I recently presented at the Death, Grief, and Belief conference on psychedelics in the death process. Last Monday, I recapped some of the history of psychedelics leading up to the current renaissance in clinical studies. Today I write about current research on psychedelics in the death setting.
Timothy Leary was a controversial figure in the psychedelics space. Many complained that the invented political fervor over psychedelics stems in part from his spiritual advocacy and public shenanigans. Yet he also had a profound impact on the cultural understanding of psychedelics.
Leary popularized the term “set and setting” to describe the psychedelic experience. (The term was coined by another cosmonaut, Al Hubbard.) Set is your mindset when consuming a psychedelic: what’s going on in your life, what you’ve emotionally suppressed, your intention for the trip. Setting is your physical environment, your culture, and the people you’re with. I’ve taken the same batch of psychedelics with different people in different environments and have had wildly different experiences. It’s never just the drug.
Culture matters quite a bit. In terms of end of life care, dying in America is an expensive process. Health care is excessively pricey during the last few months of life—approximately 10% of healthcare costs are at the end stage of life, totalling $430 billion—while funerary services average roughly $8,000. These factors place a burden on the dying and bereaved, and can affect the entire death process.
The current rollout of legal (or decriminalized) psychedelics is following this trend. I live in Oregon, the first state to offer psychedelics services. On the decriminalized market I pay $20 for an effective dose of psilocybin; going the medical route costs up to $3,400. Of course, the latter comes with multiple rounds of therapy, which is appropriate for some people. The problem is that appropriate doesn’t necessary equal accessible.
Ingesting psychedelics in a ritualistic jungle setting is going to be markedly different than doing so in a hospital room. All of the researchers I’ve read and talked to express difficulty in describing the psychedelic experience from a clinical perspective. Not only is it challenging to double-blind for psychedelics, but finding the right language to describe the experience is often impossible. Ironically, this is sometimes to the benefit of the dying person, who experiences such awe that language loses meaning.
Aldous Huxley wrote that the human mind is like a reducing valve: it limits information surfacing to conscious awareness to ensure that you, first and foremost, survive. The neuroscientist Dan Levitin writes that our brains can only handle 120 bits of information per second, equivalent to talking to two people at once and retaining the narrative. I’ve heard autistic people describe their experiences as taking in way more information at once, which makes responding challenging: it’s not that they don’t understand what’s going on, it’s that they understand too much, and it forms a type of paralysis. (This is limited to a few people I’ve watched describe it; I’m not describing the entire spectrum.)

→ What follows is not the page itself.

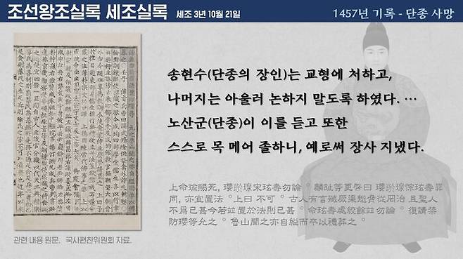 이런 면에서, 단종 사망 시기와 가장 가까운 정사, 조선왕조실록 세조실록의 역사를 가장 먼저 찾아볼 필요가 있습니다.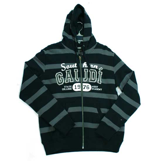 Showcased is a men’s hooded jacket coming in a casual style . The jacket looks cool with the black-and-gray striped patterns. Words are added on the chest to showcase a sporty design.

What Huxley wrote about over 60 years ago is similar: psychedelics open the doors of perception so that you take in much more information all at once. Modern researchers acknowledge the possibility while cautioning that the human brain is known to create illusions. Yet, from a therapeutic perspective, some researchers think this could be a key to the potential success of psychedelics: if you disrupt the mental patterns associated with addiction or OCD, for example, then you show the sufferer that there are other ways to think and be in the world. The “realness” of the thought is secondary. This might be a key to understanding psychedelic efficacy in hospice care: patients receive new information that changes their perspective on life, and on death.